Le maître du thé Herman Gunaratne a averti que la récolte annuelle de thé du Sri Lanka pourrait être réduite de moitié à moins que le gouvernement ne repense son approche.
Rajapaksa est arrivé au pouvoir en 2019 en promettant des engrais étrangers subventionnés, mais a fait volte-face en arguant que les produits agrochimiques empoisonnaient les gens.
Gunaratne, dont le thé Virgin White se vend 2 $, 000 le kilo, a été retiré le mois dernier du groupe de travail de Rajapaksa pour une socio-économie verte après avoir été en désaccord avec le président.
Il dit que le thé de Ceylan du pays a une des teneurs en produits chimiques les plus faibles de tous les thés et ne pose aucune menace.
La récolte de thé a atteint un record de 160 millions de kilos au premier semestre 2021 grâce au beau temps et aux anciens stocks d'engrais, mais la récolte a commencé à chuter en juillet.
Sanath Gurunada, qui gère des plantations de thé bio et classique à Ratnapura, au sud-est de Colombo, a déclaré que si l'interdiction se poursuit, "la récolte commencera à s'effondrer d'ici octobre et nous verrons les exportations sérieusement affectées d'ici novembre ou décembre".
Il a déclaré à l'AFP que sa plantation gardait une section biologique pour le tourisme, mais ce n'était pas viable. Le thé bio coûte 10 fois plus cher à produire et le marché est limité, Ajouta Gurunada.
W.A. Wijewardena, un ancien gouverneur adjoint de la banque centrale et analyste économique, appelé le projet organique "un rêve avec un social inimaginable, coûts politiques et économiques ».
Il a déclaré que la sécurité alimentaire du Sri Lanka avait été « compromise » et que sans devises étrangères, elle « empire de jour en jour ».
Des emplois en jeu
Les experts disent que le problème du riz est également aigu alors que les producteurs de légumes organisent des manifestations quotidiennes près de la réduction des récoltes et des cultures affectées par les ravageurs.
Le thé est la plus grande exportation du Sri Lanka et rapporte environ 1,25 milliard de dollars par an.
"Si nous devenons complètement bio, nous perdrons 50 pour cent de la récolte, (mais) nous n'allons pas obtenir des prix 50 pour cent plus élevés, " a déclaré Gunaratne.

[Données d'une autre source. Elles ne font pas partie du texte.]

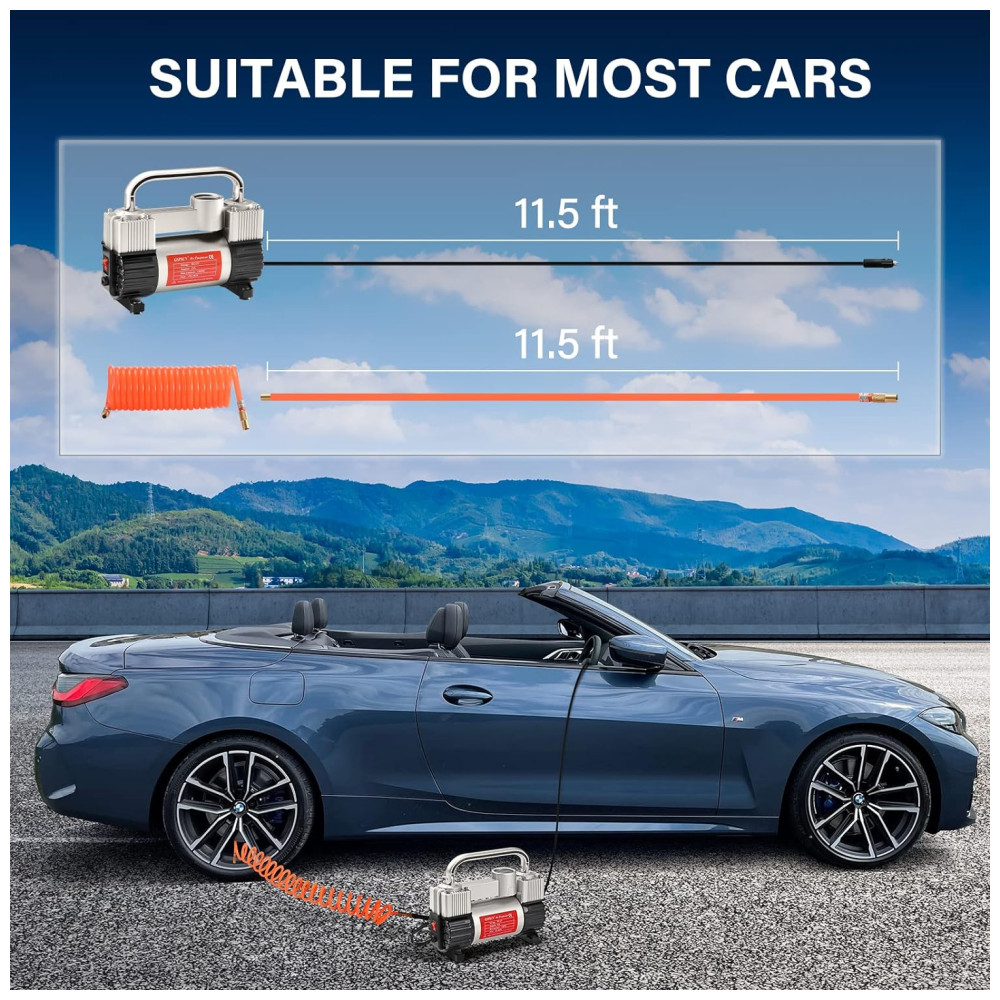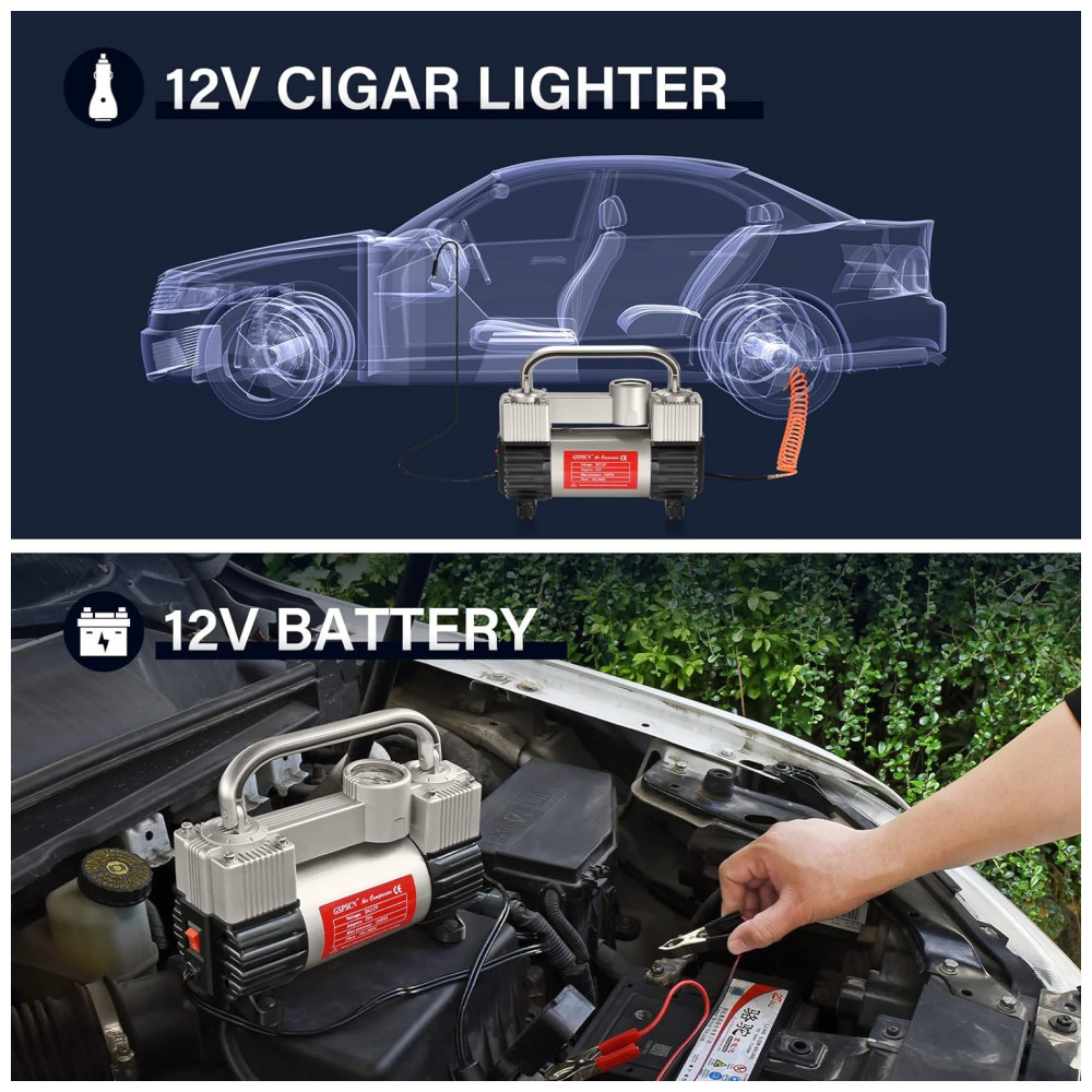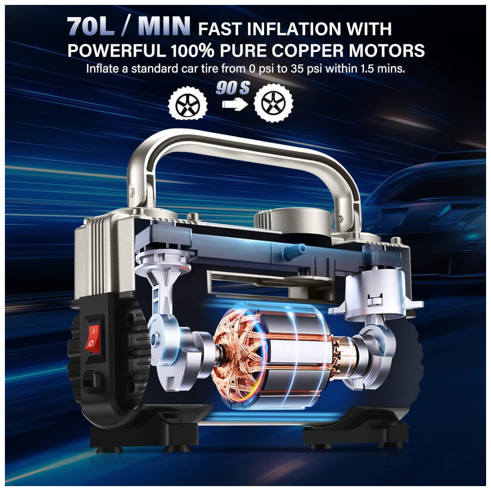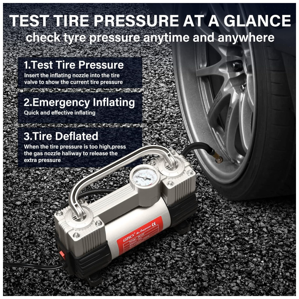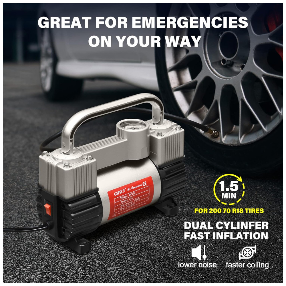 INFLAÇÃO RÁPIDA GSPSCN Heavy Duty Double cilindro design, pressão máxima 150PSI, fluxo de ar 70L , min, infla o pneu do veículo padrão em 1,5 minutos 200, 70 , R18, 0 40psi

Les propriétaires de plantations de thé disent qu'en plus de la perte de revenus, une mauvaise récolte entraînerait un énorme chômage car les feuilles de thé sont toujours cueillies à la main.
"Avec l'effondrement du thé, les emplois de trois millions de personnes seront menacés, ", a déclaré l'Association des propriétaires d'usines de thé dans un communiqué.
Le ministre des Plantations, Ramesh Pathirana, a déclaré que le gouvernement espérait fournir du compost organique à la place des engrais chimiques.
"Notre gouvernement s'est engagé à fournir quelque chose de bien pour l'industrie du thé, côté engrais, ", a-t-il déclaré à l'AFP.
Les agriculteurs disent que les exportations de cannelle et de poivre du Sri Lanka seront également affectées par la campagne biologique.
Le Sri Lanka fournit 85 pour cent du marché mondial de la cannelle de Ceylan, l'un des deux principaux types d'épice, selon les chiffres des Nations Unies.
Toujours, Rajapaksa reste confiant dans son parcours, déclarant lors d'un récent sommet de l'ONU qu'il était convaincu que son initiative biologique garantirait "une plus grande sécurité alimentaire et nutritionnelle" pour les Sri Lankais.
Il a appelé les autres pays à suivre la démarche du Sri Lanka en prenant "les mesures audacieuses nécessaires pour transformer durablement le système alimentaire mondial".